9. In accordance with article 2, paragraph 3, of the Covenant, the author is entitled to an effective remedy, including completion of the investigation into the author's treatment, if still pending, as well as compensation. The State party is also under an obligation to take measures to prevent similar violations in the future.
10. Bearing in mind that, by becoming a party to the Optional Protocol, the State party has recognized the competence of the Committee to determine whether there has been a violation of the Covenant or not and that, pursuant to article 2 of the Covenant, the State party has undertaken to ensure to all individuals within its territory or subject to its jurisdiction the rights recognized in the Covenant and to provide an effective and enforceable remedy in case a violation has been established, the Committee wishes to receive from the State party, within 90 days, information about the measures taken to give effect to the Committee's Views. The State party is also requested to publish the Committee's Views.
[Adopted in English, French and Spanish, the English text being the original version. Subsequently to be issued also in Arabic, Chinese and Russian as part of the Committee's annual report to the General Assembly.]

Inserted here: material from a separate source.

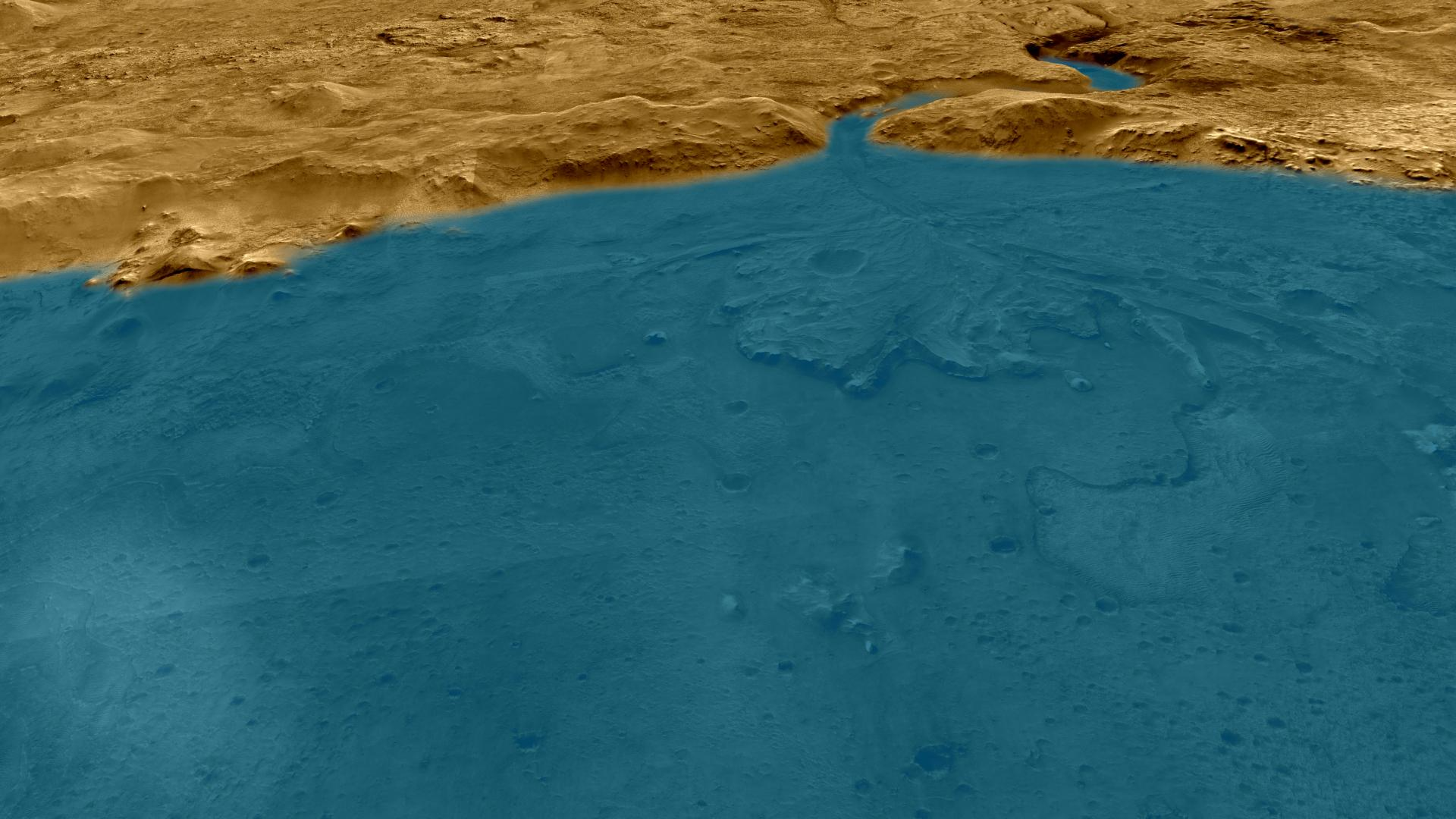 PIA22907: Lake Jezero (Artist's Concept) This artist's concept depicts an aerial view of what the Jezero Crater area of Mars may have looked like billions of years ago. More information about Mars 2020 is online at and
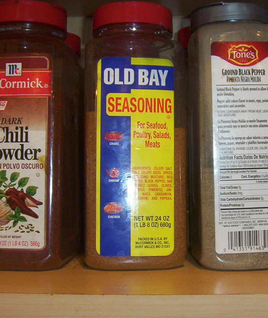 modern plastic container of old bay seasoning

* The following members of the Committee participated in the examination of the present communication: Mr. Abdelfattah Amor, Mr. Nisuke Ando, Mr. Prafullachandra Natwarlal Bhagwati, Ms. Christine Chanet, Mr. Maurice Glèlè Ahanhanzo, Mr. Edwin Johnson, Mr. Walter Kälin, Mr. Ahmed Tawfik Khalil, Mr. Rajsoomer Lallah, Mr. Michael O'Flaherty, Ms. Elisabeth Palm, Mr. Rafael Rivas Posada, Sir Nigel Rodley, Mr. Ivan Shearer, Mr. Hipólito Solari-Yrigoyen, Ms. Ruth Wedgwood and Mr. Roman Wieruszewski.
1. The Optional Protocol entered into force for the Russian Federation on 1 January 1992.
2. This submission was not transmitted to the SP.
3. Siragev v. Uzbekistan, Communication No. 907/2000, Views adopted on 1 November 2005, para.6.2.
4. Bleier v. Uruguay, Communication No. 30/1978, Views adopted on 24 March 1980, para.13.3, Dermit Berbato et al. v. Uruguay, Communication No. 84/1981, Views adopted on 21 October 1982, para.9.6.